So you left your customer service job in retail thinking you'd finally escape dealing with “Karens”, only to end up managing their corporate doppelgängers in the IT world. Now, they wear C-suite badges, wield unrealistic expectations like blunt instruments, and somehow believe that rules don't apply to them. Sound familiar?
One Reddit user nailed it with brutal honesty:
“I left my Retail job due to hating dealing with Karens only to end up in the IT version, only now they’re C-Suite with unrealistic expectations and attitude problems.”
And it’s not just a personality clash, it’s a process-breaking problem that affects MSPs every single day.
The Mental Gymnastics of Policy Exceptions
Let’s break it down:
-
You help your client craft a clear security policy.
-
It says no personal laptops connected to VPN.. great.
-
Then the executive team wants an exception for one of their “trusted” users.
-
You reluctantly agree, with a signed “accepted risk” form to cover your liability.
But three months later?
“Then back when you send them an accepted risk sign-off, they get mad that they have to sign off again…”
Rinse, repeat, and welcome to the MSP version of Groundhog Day.
The Smarter Way: Recurring Risk Acceptance as a Process
Another MSP in the thread came up with a smarter solution, one that saves endless back-and-forth:
“We finally built a recurring ‘accepted risk’ renewal into our process.
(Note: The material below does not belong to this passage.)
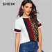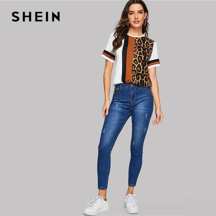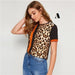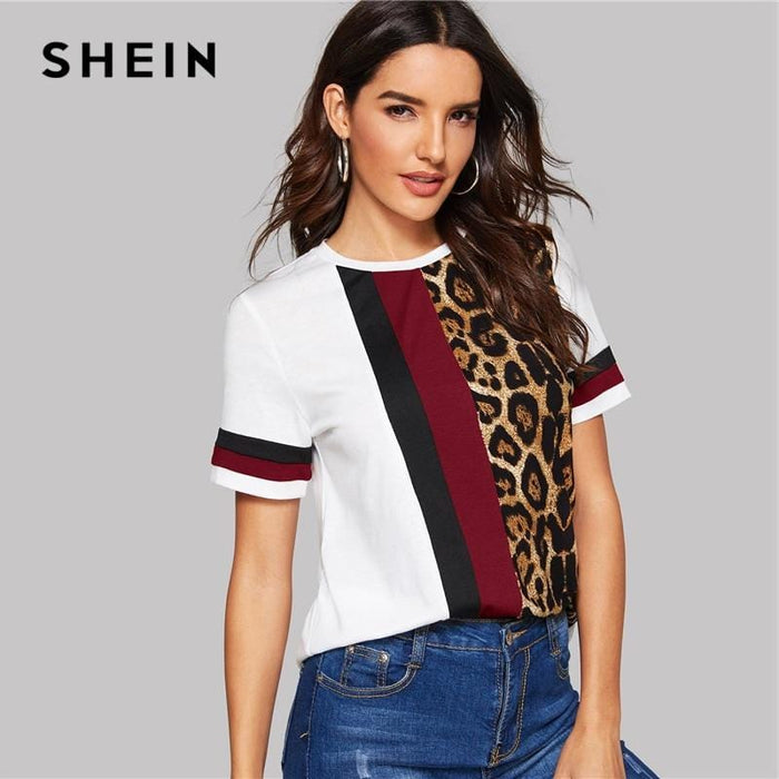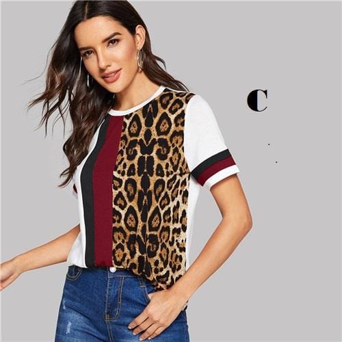 Material : PolyesterMaterial : SpandexItem Type : CapsFabric Type : ClothStyle : CasualTops Type : ShirtsPattern Type : Striped, LeopardSleeve Length (cm) : ShortSleeve Style : RegularGender : WomenCollar : Round NeckClothing Length : RegularFabric : Fabric has some stretchComposition : 95% Polyester, 5% SpandexOccasion : Casual WeekendPlacket Type : PulloversSeason : SummerLength : RegularDecoration : Colorblock

Today it is less arguing and more ‘sign here again if you want to keep ignoring the rule.’”
This tactic does three things:
-
Eliminates ambiguity – Clients can’t claim they forgot the policy.
-
Reduces conflict – No need to rehash the debate every few months.
-
Documents everything – You’re covered if things go sideways.
It’s not just about enforcing a policy; it’s about training clients to respect the rules they themselves approved.
When All Else Fails: CYA with Signed Risk Acknowledgments
Here’s how one veteran MSP handles the liability nightmare:
“If the customer is breached due to that user’s device, you’re damn right I’m getting receipts.”
They make the client sign off on a detailed document that outlines:
-
No guarantee of device security
-
No visibility into user activity
-
No control over data once that user leaves
-
No way to enforce or audit compliance
And if that’s not good enough?
“This is a last resort when all coaching and advising fails.”
Because let’s face it—if the client refuses to follow good advice, the next best thing is covering yourself in writing.
You Don’t Have to Die on Every Hill—But You Do Need Boundaries
Being flexible is fine. But being a doormat? That’s where MSPs burn out.
Setting hard boundaries with C-level clients isn’t confrontational—it’s professional. And when exceptions are allowed, they must come with clearly defined risk and documentation.
Your role isn’t just tech support—it’s risk manager, policy enforcer, and yes, occasionally the voice of reason in a room full of noise.